Комната и вправду только что освободилась. Лифта в гостинице не было, но номер, по счастью, оказался на втором этаже. Старая, с выщербленными ступенями, лестница. Комната маленькая, скудно обставленная, но кровать на вид хорошая, и ванная комната имеется. Безликая современная мебель за исключением небольшого столика в стиле барокко, который смотрелся здесь принцем в окружении презренной черни. Обои старые, электрический свет тусклый, зато прямо в окно струился серебристый свет реки с ее набережными, фасадами Консьержерии и башнями собора Парижской Богоматери.
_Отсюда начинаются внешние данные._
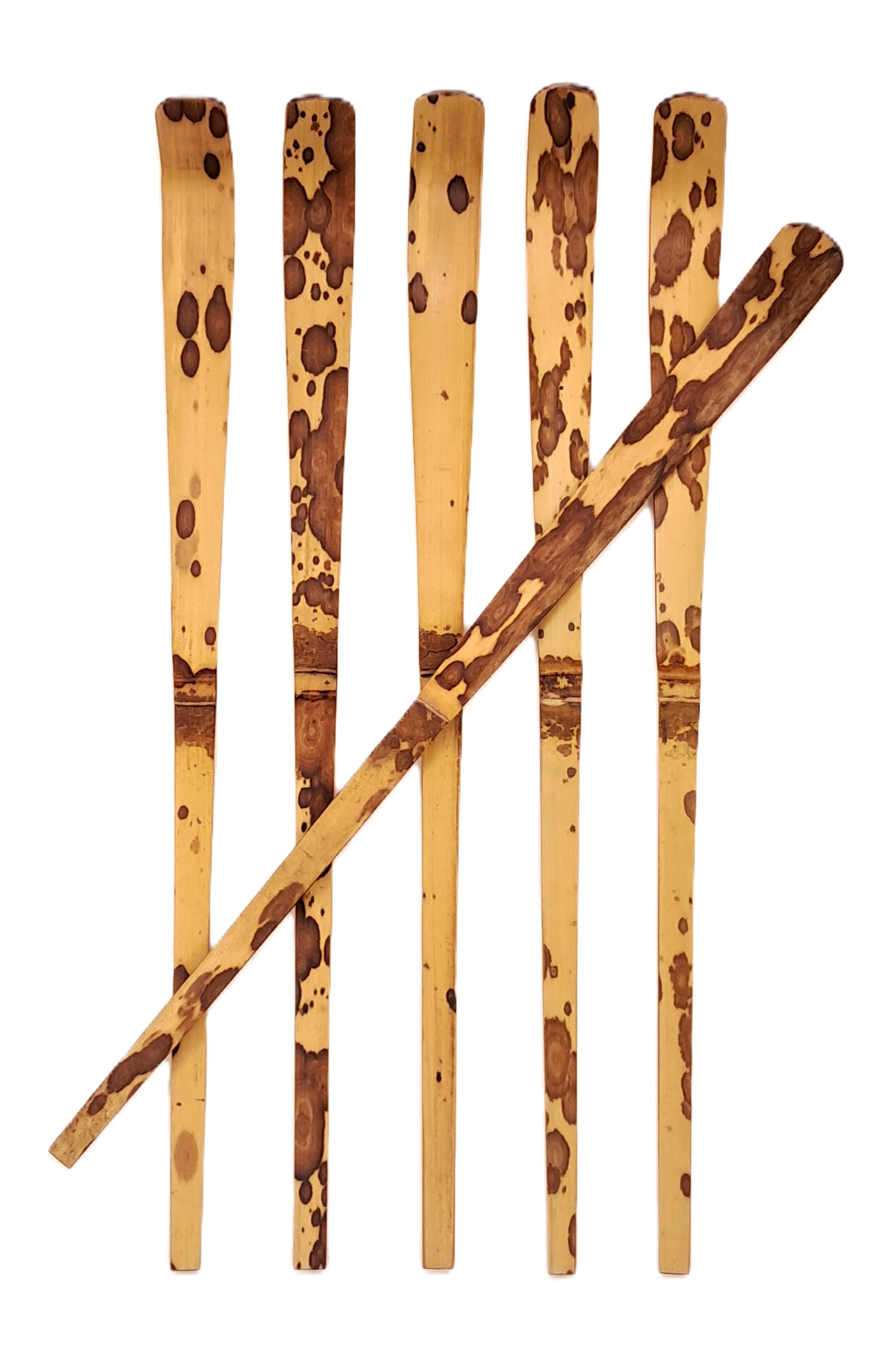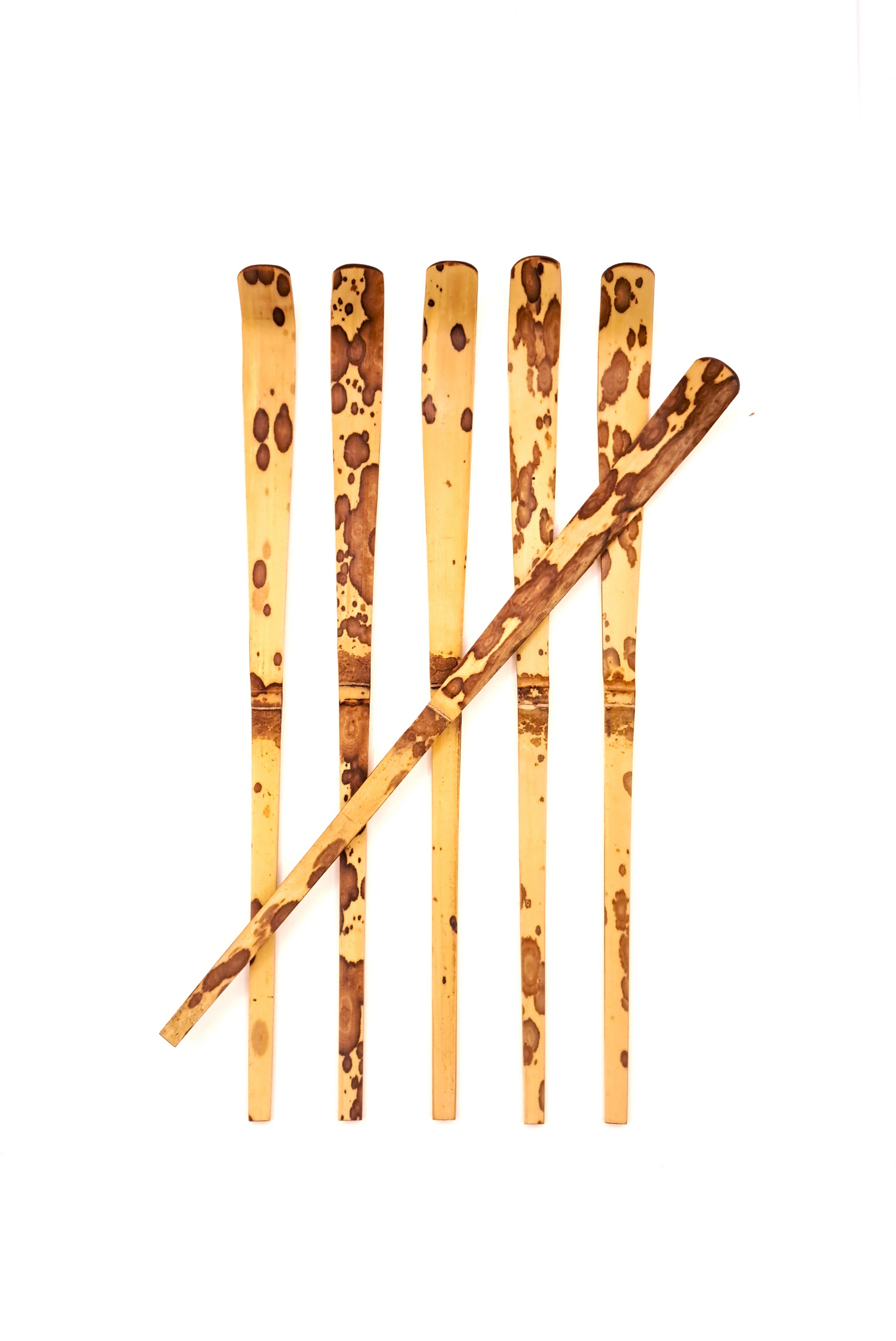 Bambuslöffel für Matcha-Pulver. Unregelmäßige Flecken wie Tropfen auf dem Bambus.

– Ты в любой день, как только захочешь, можешь съехать, – сказал Клерфэ. – Некоторые люди как-то забывают о такой возможности.
– Куда? К тебе в «Риц»?
– Не ко мне, но в «Риц», – ответил Клерфэ. – Во время войны я там полгода жил. С бородой и под чужим именем. В дешевых номерах, в сторону улицы Камбон. Зато на другой половине, что на Вандомскую площадь, жили немцы, большие нацистские шишки. Любопытное было соседство.